After chatting with her, I proposed something unique. We’d cut the flyer to 3.5 x 8.5 and perforate 2 inches from the bottom edge. She agreed and ended up with 2-sided, color flyers, and business cards that could be torn off at the bottom (kinesthetic and kinetic).

Unique, budget conscious, and practical. You don’t have to have a huge budget to make a big impact.

You Betcha!

Is it a “brochure?” No. Does it have the same content. Most likely. Does it serve the same purpose. Yes. Does it achieve the goals for the business? Most definitely.

“Success comes from standing out, not fitting in.” — Don Draper, Mad Men

Affecting Memory

Shapes provide both visual and kinesthetic features. What else might affect memory?


Color is a big one. But, there’s a lot of color out there. With the technological advances in the last 15 years, printing color is faster and cheaper than ever. However, using the appropriate colors for the right message and emotion can make a huge impact on memory.

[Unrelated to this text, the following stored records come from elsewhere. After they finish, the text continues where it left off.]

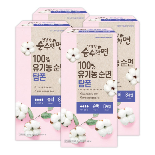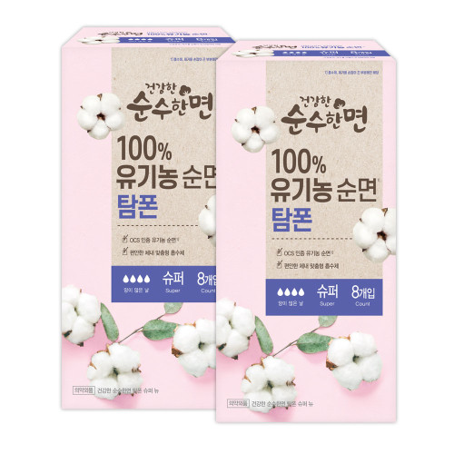 깨끗한나라 순수한면 유기농 탐폰 슈퍼 8개입 (2팩,4팩,16팩 선택 구성)
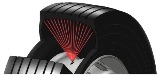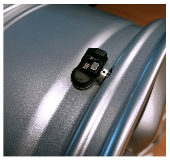 In regard to the value of pressure and temperature for the inner air, they were measured with the TPMS sensor. This sensor was installed on the side of the rim and contained the flywheel to effect the inflation of the tire (Figure 7).
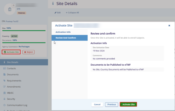 A site can be activated once all essential documents are submitted, approved, and the Essential Documents Progress Bar reaches 100%. Only Site Activation Members can activate the site, triggering automatic naming, routing, and filing of documents in the finalized eTMF. Administrators can configure these automation settings in Study Start-Up. The Activate/Reject button appears on the Site Profile Dashboard upon final approval by the Start-Up Specialist and Regulatory Reviewer.
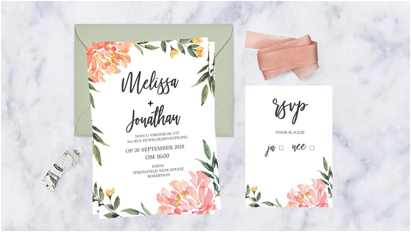 Trou skryfbehoeftes speel ‘n belangrike rol in jou troudag. Daarom deel Mooi Troues weekliks trou skryfbehoefte inspirasie van ons bydraers. Hulle is professionele grafiese ontwerpers met ondervinding in die trou bedryf. Die bydraers verstaan waarna die moderne bruidspaar opsoek is en ken die nuwe tendense. Mooi Troues het ‘n groot verskeidenheid skryfbehoeftes aanlyn wat ontwerp is deur talentvolle grafiese ontwerpers.
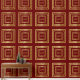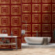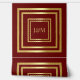 Papel pintado de burdeos rojo y dorado, elegante y glamuroso, con grandes cuadrados dorados brillantes y estrechamente ligados para producir un efecto de baldosas. Una opción de texto de personalizable para insertar monograma, iniciales, textos cortos o nombres. El color de fondo se puede personalizar individualmente.
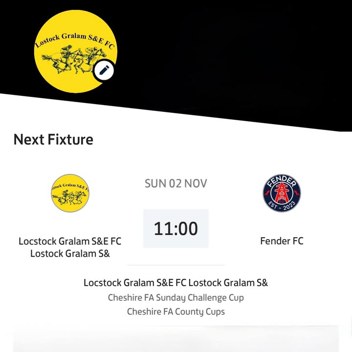 Last 16 of the Cheshire Cup, Sunday 2nd November, 11am kick off, The Park Stadium, Manchester Road, Lostock. (Behind our pub)
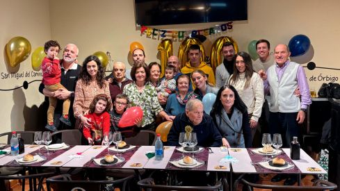Santiago Villadangos dedicó la mayor parte de su vida a la agricultura, pero también fue concejal del Ayuntamiento de Santa Marina del Rey en los años 80. Con motivo de su centenario, su familia le sorprendió con una gran fiesta en el bar-restaurante 'Lo Nuestro', de San Martín del Camino. El homenajeado se mostró muy emocionado al poder soplar las cien velas junto a su mujer, Margarita —quien cumplirá 96 años este 12 de enero—, sus tres hijos (Santiago, Magdalena y Kelly), sus cinco nietos y sus cuatro biznietos.
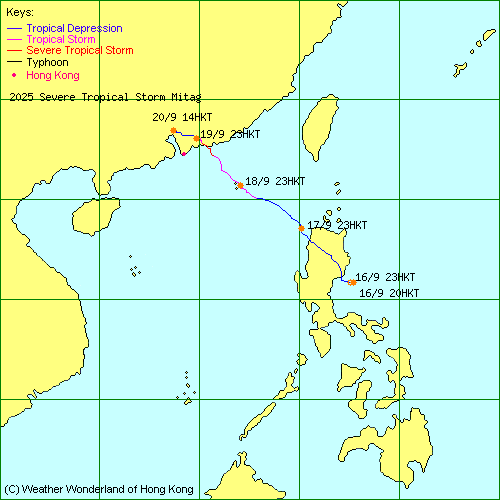 | 2025-23W | Mitag 米娜 | L.P. 低氣壓 | HKO 香港天文台 | 路徑資料 | 氣象觀測 | 警告 |
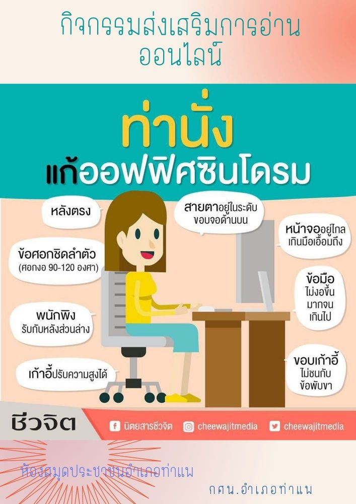 นางสาววชิรา คงพูล บรรณารักษ์ ห้องสมุดประชาชนอำเภอท่าแพ จัดกิจกรรมส่งเสริมการอ่านออนไลน์ท่านั่งแก้ออฟฟิศซินโดรม เพื่อส่งเสริมการอ่านให้กับประชาชนที่สนใจ นั่งที่ไหน อ่านที่นั่น ทำงานต้องดูแลสุขภาพกันเยอะๆๆ

Kinesthetic, or physical touch, helps with recognition and memory as mentioned above. It’s not just about shapes. There are other ways to enhance a kinesthetic experience. Choosing papers with textures that match the mood of the message and brand can reinforce the ability to recall. Adding other printable textures, like spot gloss or foil, that provide both a physical touch contrast as well as a visual contrast further improves the memory recall. In other words, variations in contrast of how the item feels as the holder runs her/his fingers over it produces an experience that the subconscious banks in the memory. Furthermore, the weight of paper chosen for printed items can reinforce recall. Paper weight can also influence value perception; heavier paper weight can create the perception of greater value.

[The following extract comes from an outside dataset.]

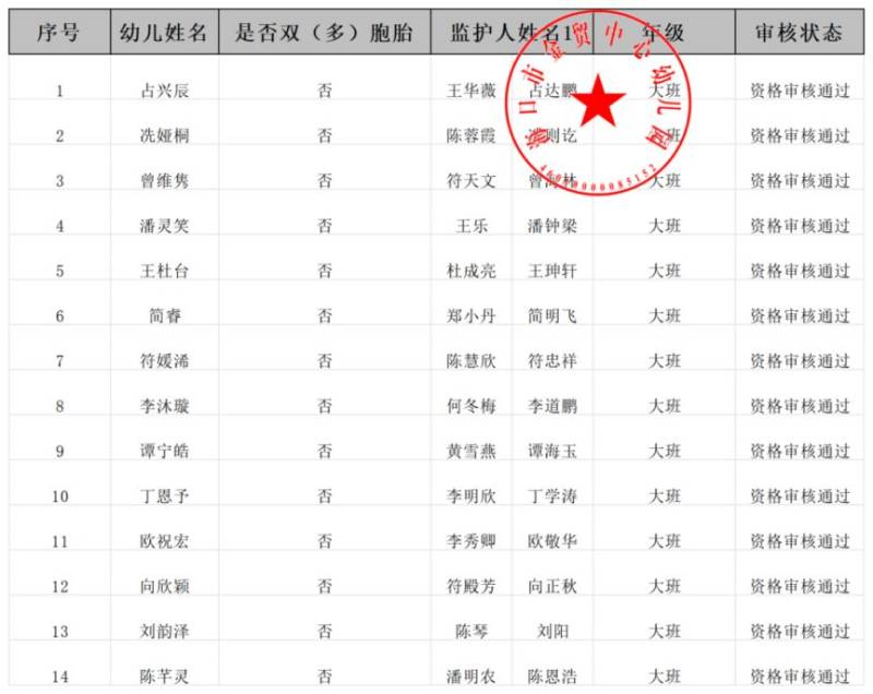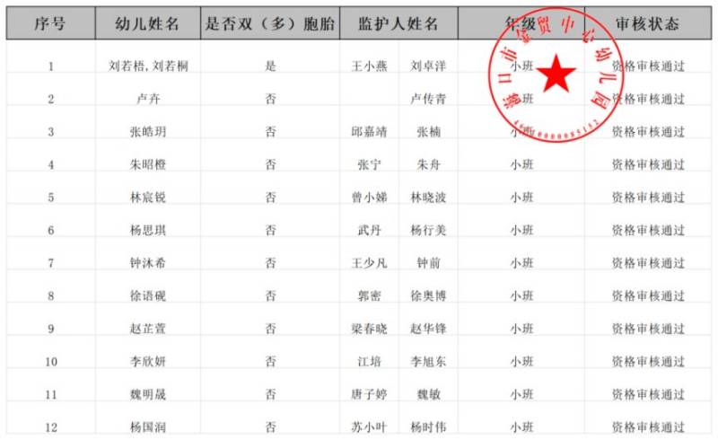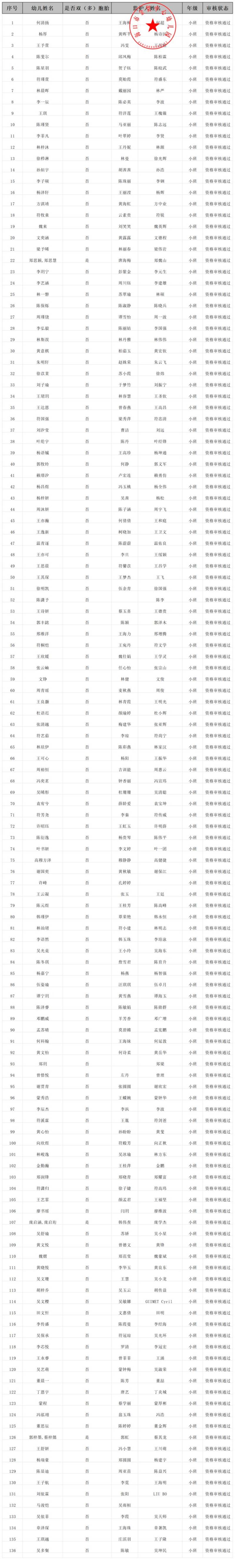 根据《海口市龙华区2025年秋季幼儿园招生工作方案》,海口市金贸中心幼儿园总园2025年秋季学位申请信息初审工作已结束。经过线上审核校验,小区配套业主子女入园资格审核通过幼儿信息12条(含1对双胞胎),非小区配套业主子女入园资格审核通过幼儿信息150条(含3对双胞胎),其中小班136条(含3对双胞胎),大班14条,不通过幼儿信息1条,现将资格审核通过名单公示如下:(如后续发现信息或材料弄虚作假、填写错误,同样取消摇号或入园资格)。

Visual contrast doesn’t just apply to contrasting colors. As mentioned in the previous paragraph, contrast can come from a change in sheen–from a dull matte to a glossy shine. Even without changing the base color, adding a spot gloss to a dull paper creates a big visual impact–from the conscious to the subconscious. Foils also provide contrast while adding adding color and are an elegant way to quickly upscale a design.

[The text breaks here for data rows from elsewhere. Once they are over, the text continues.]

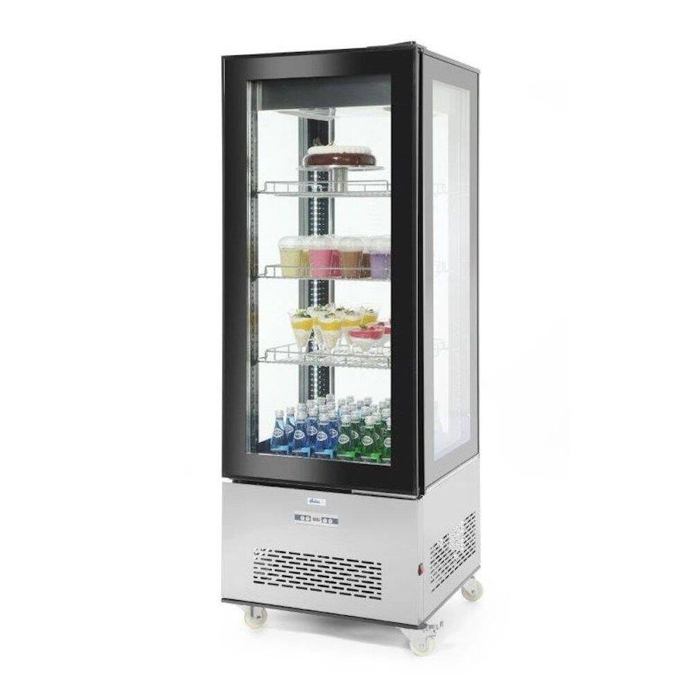Chladiaca vitrína HENDI 233283 s objemom 550 litrov je profesionálne chladiace zariadenie určené na prezentáciu a skladovanie potravín, nápojov a ďalších produktov vyžadujúcich kontrolovanú teplotu. Vyznačuje sa veľkou kapacitou, moderným LED osvetlením a dynamickým systémom chladenia, ktorý zabezpečuje rovnomerné rozloženie teploty v celej komore. Ideálne sa hodí do potravinových obchodov, reštaurácií, cukrární alebo čerpacích staníc.
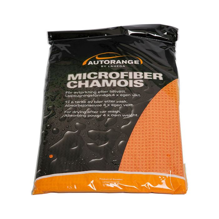 Autorange Microfibre Chamois är en modern microfiberduk av hög kvalité för avtorkning av blöta bilar efter tvätt. Microfiberduken har extrem hög uppsugningsförmåga och används på motsvarande sätt som det traditionella sämskskinnet. Ger ej upphov till flammighet och är mycket skonsam mot bilens lack.
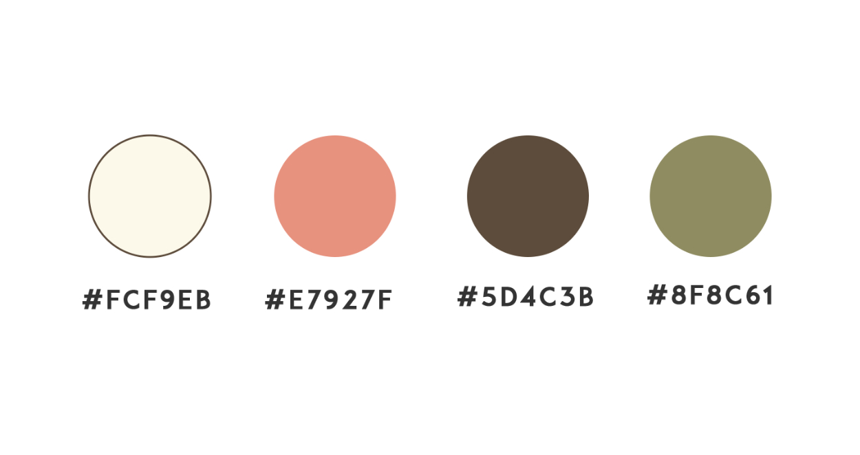 ・馴染みのあり柔らかな印象を与えるミルク色をベースカラー、コーヒー感じのある茶色をメインカラー、安心感や自然の印象を与える緑や優しい印象を与えるピンクをコンセントカラーに取り入れました。
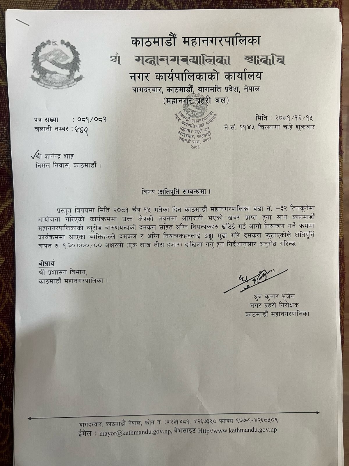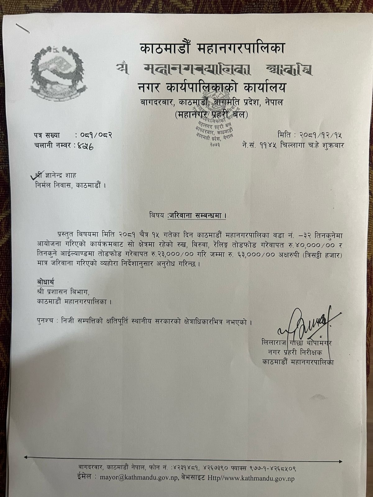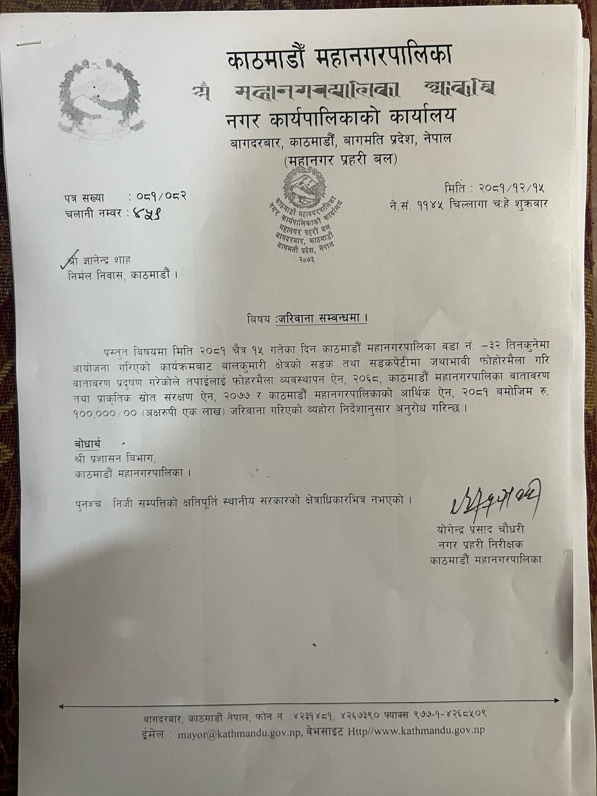 महानगरपालिकाले शाहलाई ८ वटा पत्र काटेको छ । शाहको सहमतिमा शुक्रबार राजवादीले राजधानीको तीनकुने क्षेत्रमा प्रदर्शन गरेकामा फोहोरमैला गरेको लगायतका कारण देखाउँदै जरिवाना र क्षतिपूर्ति माग गर्दै पत्र काटेको हो ।
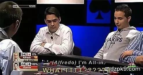 不知道他是怎么想的,但那个坐两位当事人中间的牌手又发话了:“他这么做,有拿99的可能哦”,anyway,听了旁人的话之后,Vicente依旧还是跟注了,当时就连解说员都觉得有些困惑,他说:“Hmmm......他丢不掉了,但我不是很理解...”
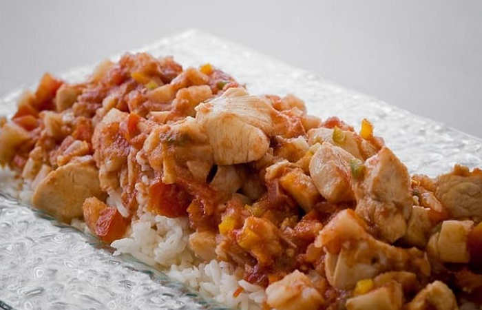 1. Na panela de pressão, frite a cebola e o peito de frango.
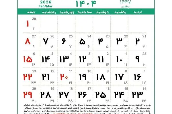 به گزارش فرارو، اسفند مصادف با ماه قمری رمضان نیز است. به همین دلیل انواع  تعطیلات و مناسبات ملی و مذهبی را در خود جای داده. در ادامه نگاهی به تقویم اسفند 1404 خواهیم داشت.
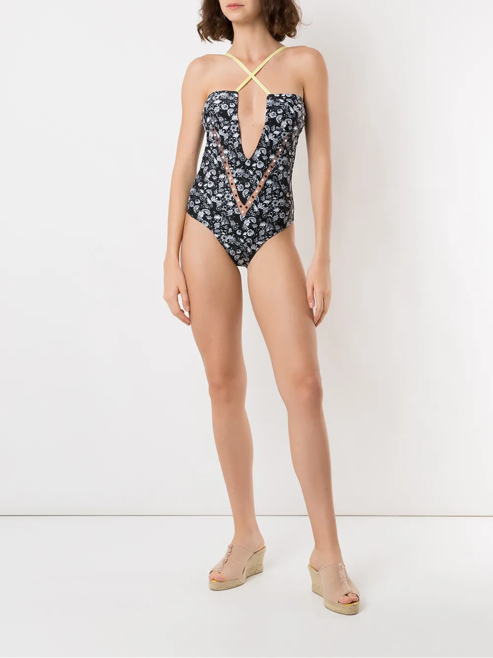 Badpak met print van Amir Slama voorzien van v-hals, gekruiste bandjes aan de voorkant, tulle inzetstukken, open achterzijde, een all-over print, elastische bies en voering. Dit artikel valt normaal qua maat. De print kan enigszins afwijken van het afgebeelde artikel. Zwemkleding moet over uw eigen kleding aan worden gepast.
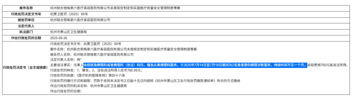 今年8月份,北京新氧科技有限公司持股49%的杭州联合丽格第六医疗美容医院有限公司因未经核准病理科或者病理科(协议)科目,擅自从事病理科服务,于2025年7月14日至7月18日期间为2名患者提供病理诊断服务,被卫生部门予以查处。

Auditory cues are even present in printed pieces. Is that so hard to believe? Weight of a printed item like a business card or brochure when it lands on the table or in the hand. It can be very loud or almost imperceptible, but it’s there.


Kinetic features can also be added to printed items. Movement quickly grabs attention. It can become distracting from the message, so it has to be done in moderation by a professional. However, a little movement can go a long way in solidifying memory. Greeting cards with cutouts layered on top of one another can create subtle movement and the illusion of 3D.

Moderation is key with all of these. Know when, where, and how to apply these.

“In order for some elements in a design to stand out, other elements must fade into the background.” — Smashing Magazine’s Design Principles: Dominance, Focal Points And Hierarchy by Steven Bradley

Get all or as many of the senses involved as possible to maximize recall.

People make judgments wether they are conscious of them or not. Adding in as many layers of memory triggers as possible increase the likelihood and speed at which the recalls occurs. (Again, knowing when and with what intensity is key. All triggers can be included in a brand’s stash of materials but may not be present in one item.) All of this is important to those in business, but these tips can be applied anywhere. For those struggling with memory, adding these memory triggers to key tasks or in key locations can help.

Designers solve problems.

Design is where art and science intersect–a unique understanding of psychology and physiology related to color, texture, and shape. Don’t be afraid to ask your designer for a solution that may differ from the norm. Or, don’t run screaming if your designer suggests something out of the box.